*** Data excerpts ***

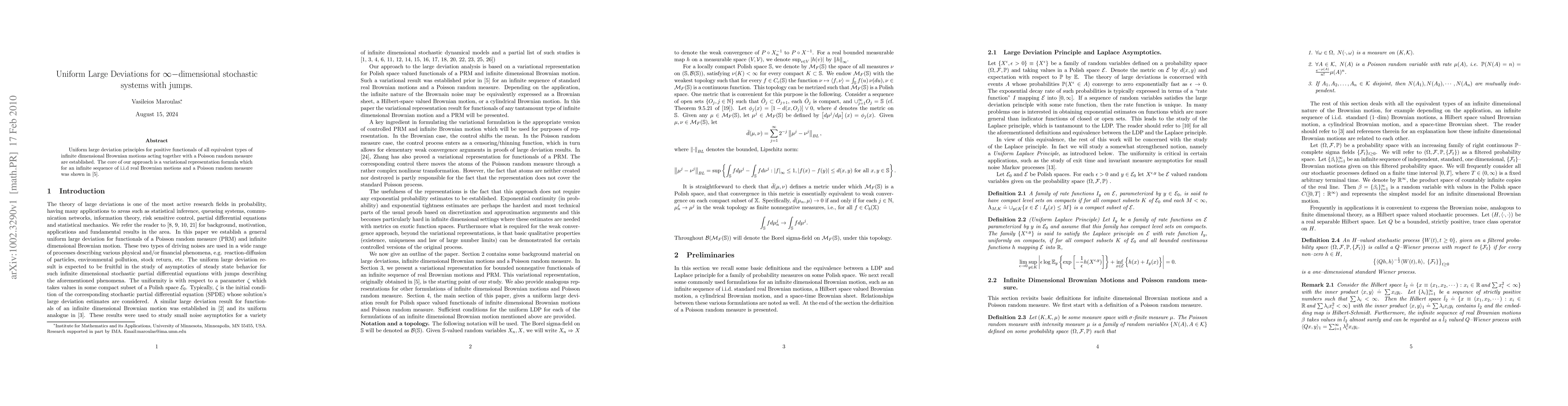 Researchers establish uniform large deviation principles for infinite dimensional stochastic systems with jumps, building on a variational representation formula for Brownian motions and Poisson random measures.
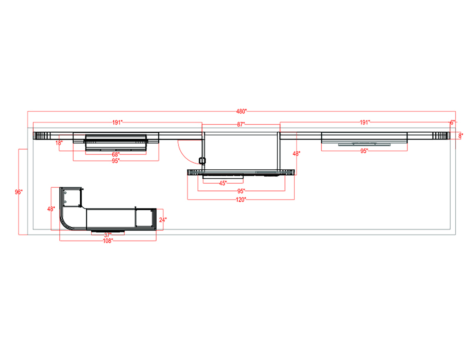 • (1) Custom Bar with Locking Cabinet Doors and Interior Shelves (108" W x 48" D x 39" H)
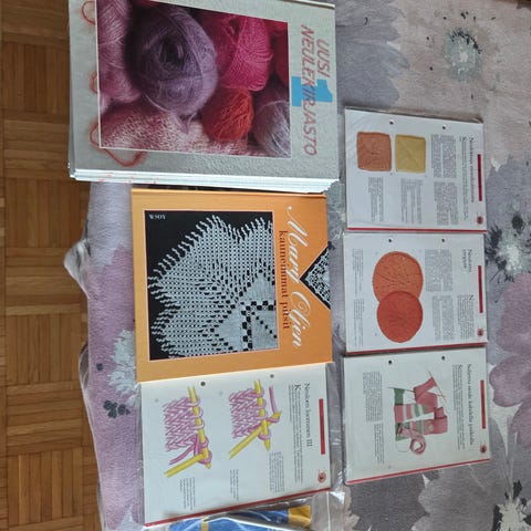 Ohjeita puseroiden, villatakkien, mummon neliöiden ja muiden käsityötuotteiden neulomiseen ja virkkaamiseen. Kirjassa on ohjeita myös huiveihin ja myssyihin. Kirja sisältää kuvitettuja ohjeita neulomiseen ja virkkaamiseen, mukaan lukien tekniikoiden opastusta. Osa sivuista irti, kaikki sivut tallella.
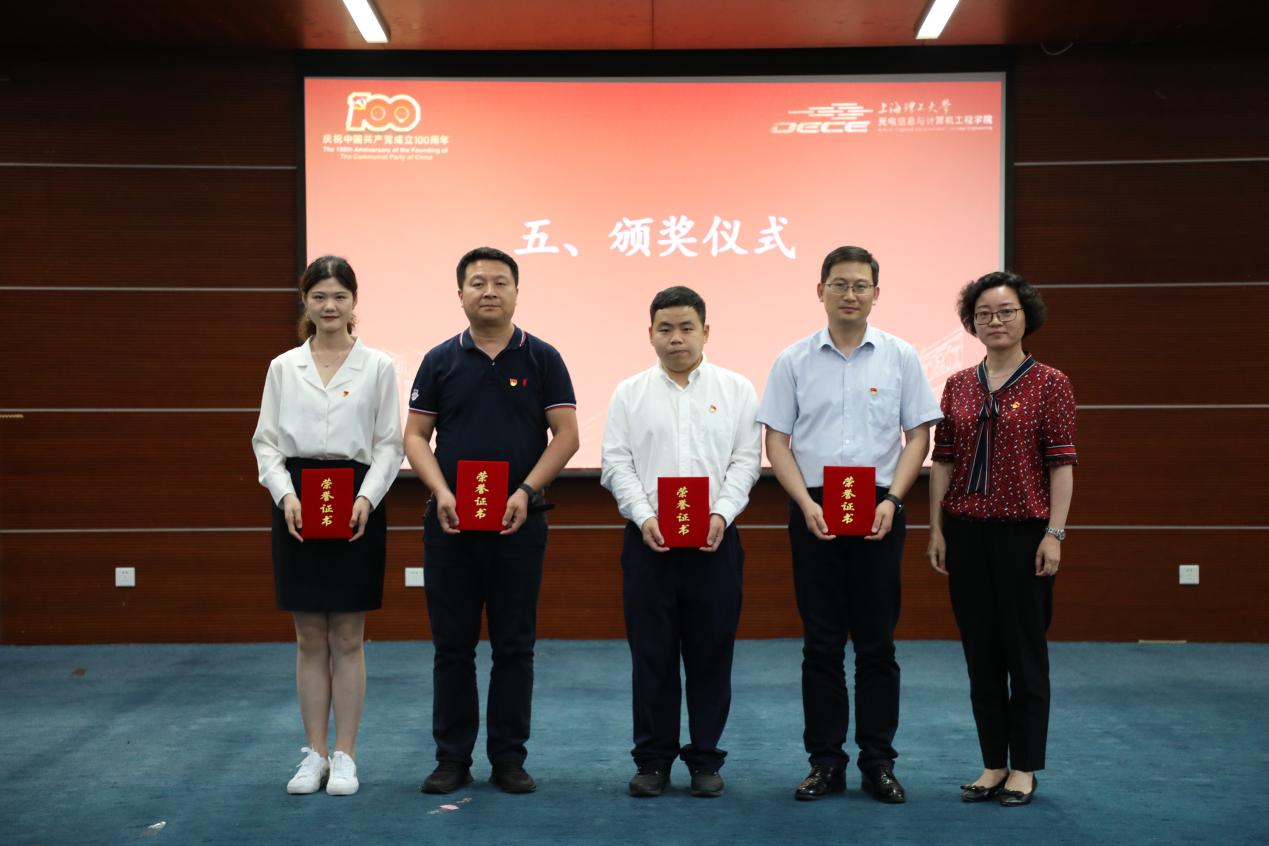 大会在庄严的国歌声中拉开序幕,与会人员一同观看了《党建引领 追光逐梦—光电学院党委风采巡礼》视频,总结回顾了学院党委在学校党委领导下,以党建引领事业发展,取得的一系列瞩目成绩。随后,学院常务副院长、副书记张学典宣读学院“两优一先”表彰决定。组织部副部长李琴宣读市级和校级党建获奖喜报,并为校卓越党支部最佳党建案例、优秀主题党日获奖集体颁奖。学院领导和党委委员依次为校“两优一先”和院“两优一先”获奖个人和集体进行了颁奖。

*** End of Data excerpts ***
*** Data excerpts ***

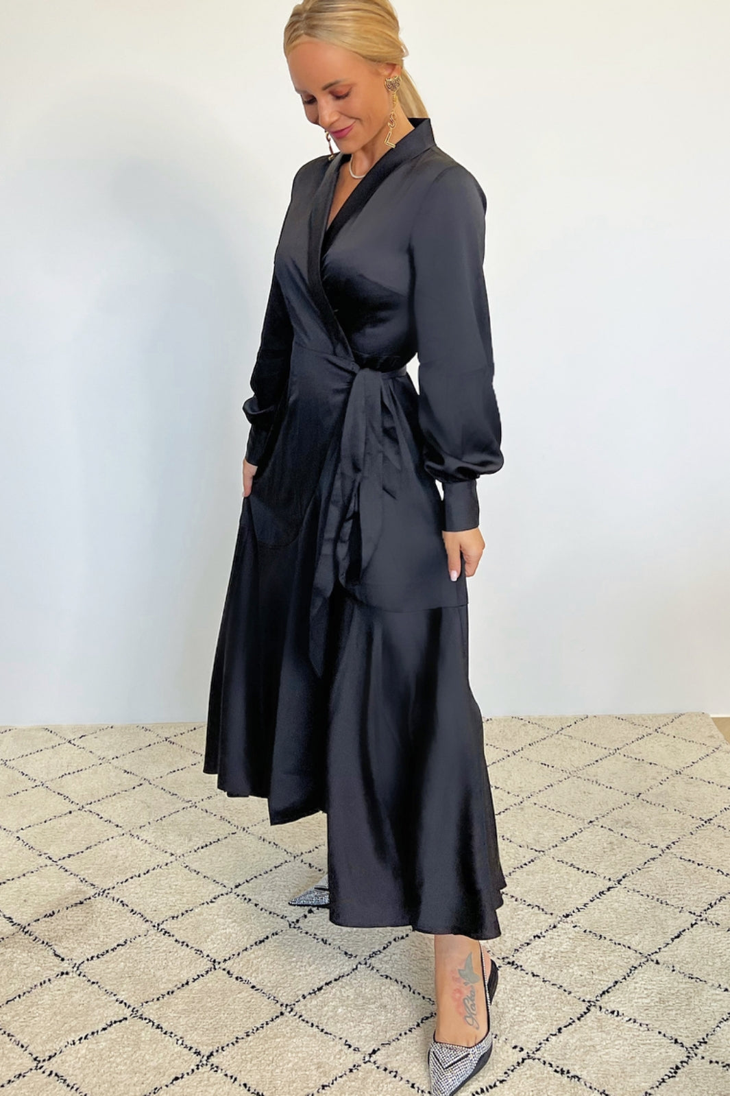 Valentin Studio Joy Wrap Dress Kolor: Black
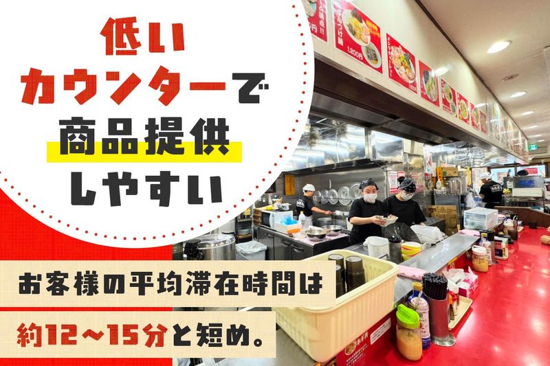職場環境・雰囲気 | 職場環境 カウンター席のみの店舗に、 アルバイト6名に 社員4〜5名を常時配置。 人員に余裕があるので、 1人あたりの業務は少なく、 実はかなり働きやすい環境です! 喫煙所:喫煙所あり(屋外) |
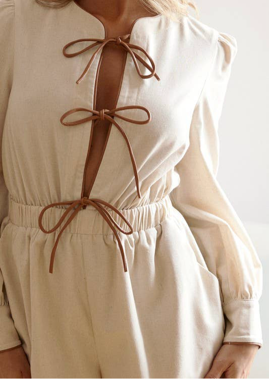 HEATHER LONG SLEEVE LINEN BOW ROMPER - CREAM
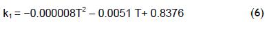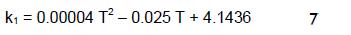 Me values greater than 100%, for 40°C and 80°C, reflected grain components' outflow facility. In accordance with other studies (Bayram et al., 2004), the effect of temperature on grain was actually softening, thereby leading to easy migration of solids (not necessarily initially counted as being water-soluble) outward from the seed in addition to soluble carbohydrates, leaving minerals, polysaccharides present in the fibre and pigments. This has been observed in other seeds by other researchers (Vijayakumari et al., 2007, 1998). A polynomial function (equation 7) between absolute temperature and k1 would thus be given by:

*** End of Data excerpts ***
*** Data excerpts ***

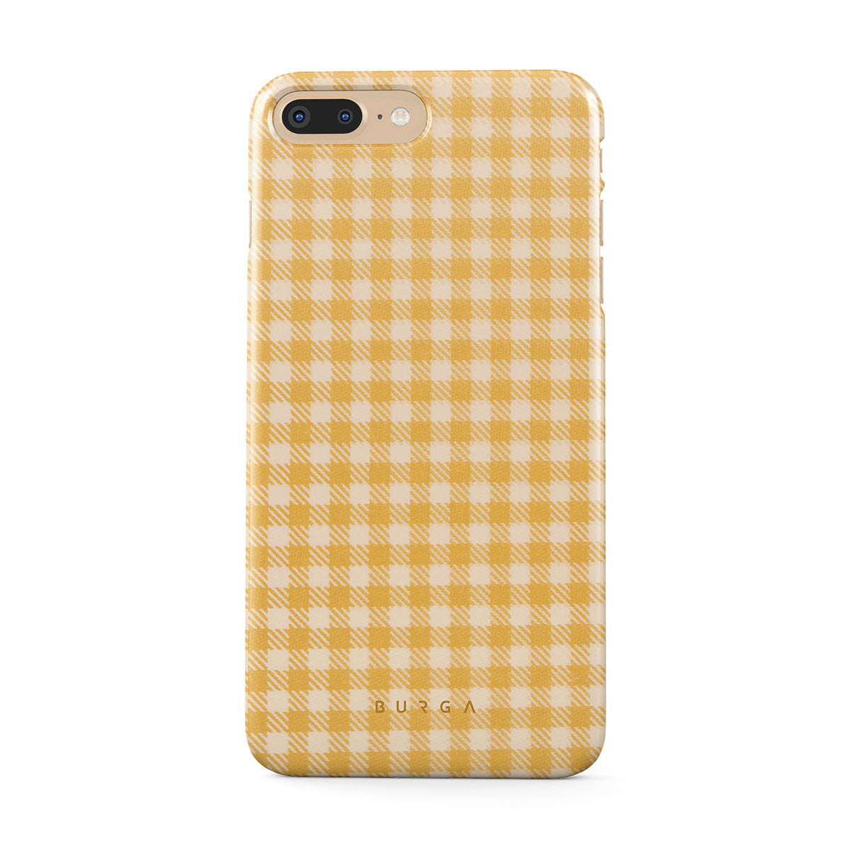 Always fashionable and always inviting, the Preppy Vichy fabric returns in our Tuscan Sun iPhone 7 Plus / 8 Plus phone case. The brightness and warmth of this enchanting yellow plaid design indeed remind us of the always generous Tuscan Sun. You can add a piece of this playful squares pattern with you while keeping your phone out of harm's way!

*** End of Data excerpts ***

The task |
Leaving pictures out, output the lines of the data above from the one with "Researchers establish uniform" through the one with "大会在庄严的国歌声中拉开序幕", word for word.

Solution to this problem |
 Researchers establish uniform large deviation principles for infinite dimensional stochastic systems with jumps, building on a variational representation formula for Brownian motions and Poisson random measures.
 • (1) Custom Bar with Locking Cabinet Doors and Interior Shelves (108" W x 48" D x 39" H)
 Ohjeita puseroiden, villatakkien, mummon neliöiden ja muiden käsityötuotteiden neulomiseen ja virkkaamiseen. Kirjassa on ohjeita myös huiveihin ja myssyihin. Kirja sisältää kuvitettuja ohjeita neulomiseen ja virkkaamiseen, mukaan lukien tekniikoiden opastusta. Osa sivuista irti, kaikki sivut tallella.
 大会在庄严的国歌声中拉开序幕,与会人员一同观看了《党建引领 追光逐梦—光电学院党委风采巡礼》视频,总结回顾了学院党委在学校党委领导下,以党建引领事业发展,取得的一系列瞩目成绩。随后,学院常务副院长、副书记张学典宣读学院“两优一先”表彰决定。组织部副部长李琴宣读市级和校级党建获奖喜报,并为校卓越党支部最佳党建案例、优秀主题党日获奖集体颁奖。学院领导和党委委员依次为校“两优一先”和院“两优一先”获奖个人和集体进行了颁奖。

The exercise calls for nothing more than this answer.